The Chinese folding stool is believed to have travelled to China from the West. It is not dissimilar that much from the Egyptian or Scandinavian folding stools, but it possesses a change in that the top rail is delicately joined to the two legs of the stool by a curved member, which is generally possessing metal mounts. From a Western perspective the overall effect of these two furniture styles is stylized. The constructive and decoration elements are combined in a style that is all at once both naïve and refined. The patchwork appearance is a result of the way that the individual parts do not look to have been put together by means of either glue or screws, but had been mortised on one another and held in position in the style of a Chinese puzzle.
Spain: 17th century
The Golden Age of Spain during the 17th century also put its name on the chair. Works of art show a design of chair with a relatively unrefined wooden frame; a back and seat, nailed on, having only two layers of leather, with horsehair stuffing in between the layers, stitched to bring out a pattern of small pads. The front board and a related board at the back could be folded after unscrewing some small iron hooks. In this way the chair was a readily portable piece of furniture in traveling which, in the same time, granted the status of a four-legged, high-backed armchair.
The Netherlands: 17th century
A low, square, upholstered kind of chair is seen in engravings of the interior of affluent Dutch homes by Abraham Bosse, a French artist, and also in paintings by the Dutch artists Johannes Vermeer and Gerard Terborch. Though this type of chair can also be found in countries where Dutch styles of interior decoration and Dutch furniture won acclaim, it is not certain that the style actually originated in The Netherlands. Typically, the legs of the chair are smooth, round in section, and of slender measurements; they are in some cases baluster-shaped (vase-shaped) or twisted. It is clearly a bourgeois piece of furniture and was made in considerable numbers, as can be seen from one of Abraham Bosse’s engravings, in which there is a whole row of these chairs lined up against a wall. The design asserts itself by its harmonious proportions and fine upholstery in gilt leather or fabric edged with fringes.
France and England: 17th and 18th centuries
The French Rococo chair in its most mature of forms—that was, to say, as brought out in Paris around 1750—conquered most of Europe and has been imitated or copied into the mid-20th century. The style owes such popularity to a combination of leisure and elegance. The seat suits to the human body and grants a relaxed sitting position. The back is bow-shaped, the legs curved. Generally the seat and back are upholstered, and there are little upholstered pads covering the armrests. Smooth transitions made between seat frame, legs, and back conceal all the joints, which are constructed on craftsmanlike practices even with the absence of stretchers between the legs.
French Rococo chairs and imitations thereof use wood of fairly thick measurements; but each member is deeply molded, all superfluous wood has been sanded away, and more upmarket examples can be further embellished with highly delicate and decorative engravings. The wood may be varnished, stained, painted, or gilded. Silk damask or tapestry is generally used for all of the upholstery on the seat, back, and armrests; canework is in some cases used rather than upholstery.

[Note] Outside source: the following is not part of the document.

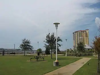 The community's name was officially changed from Fort Walton to Fort Walton Beach on June 15, 1953, by agreement with the state legislature in Tallahassee, and incorporated a portion of Santa Rosa Island formerly known as Tower Beach.[14] Tower Beach, named for a tall observation tower at the site which was later destroyed by a hurricane, had been an amusement area operated from 1928 by the Island Amusement Company by future-Fort Walton Beach mayor Thomas E. Brooks,[15] with a board walk, casino, restaurant, dance pavilion, "40 modernly equipped beach cottages",[16] and concession stands which was largely destroyed by fire on Saturday, March 7, 1942. Wartime supply restrictions prevented a reconstruction.[17] This 875-acre parcel of Santa Rosa Island with three miles of Gulf frontage was conveyed to Okaloosa County on July 8, 1950, in an informal ceremony at the county courthouse in Crestview, Florida. The county paid the federal government $4,000 to complete the transaction, the result of the efforts of Congressman Bob Sikes.[18] The portion of Santa Rosa Island transferred is now known as Okaloosa Island. The remaining Tower Beach summer cottages were removed after the 1955 tourist season as the new Okaloosa Island Authority redeveloped the site with a new hotel and casino. The government was changed to a city manager form.[13]

English chairs from the 18th century were more differentiated in style than the French. The French taste for stylistic uniformity, which lead from the most distinguished circles in Paris and Versailles over most of France and was popularised in many parts of the Continent, had no parallel in England. Prior to 1740, the most commonly used wood was walnut; thereafter, and for the rest of the century, it was mahogany. Walnut, though beautiful in hue, was soft and therefore less suited to wood carving than to rounded, curving forms. Outer surfaces, such as the back and seat frame, were usually veneered. During the walnut period, highly overstuffed armchairs, covered with leather or embroidered material, were also developed. The best upholstery of this period is precisely and firmly modelled and accentuated by braiding or tacks. When imports of mahogany became common, no specifically new chair designs appeared, but the character of the woodwork changed. Mahogany, having a firmer, closer grain, could be cut thinner, which meant that individual parts of the chair could be more slender in shape. Mahogany also lent itself better to carving than walnut. Carving was concentrated more on the arms and back than on the legs, which as a rule were straight and smooth with chamfered (bevelled) edges and molding. There was a wealth of variety in chairback designs, featuring elegant, pierced, vase-shaped splats or two upright posts connected by horizontal slats (ladderback).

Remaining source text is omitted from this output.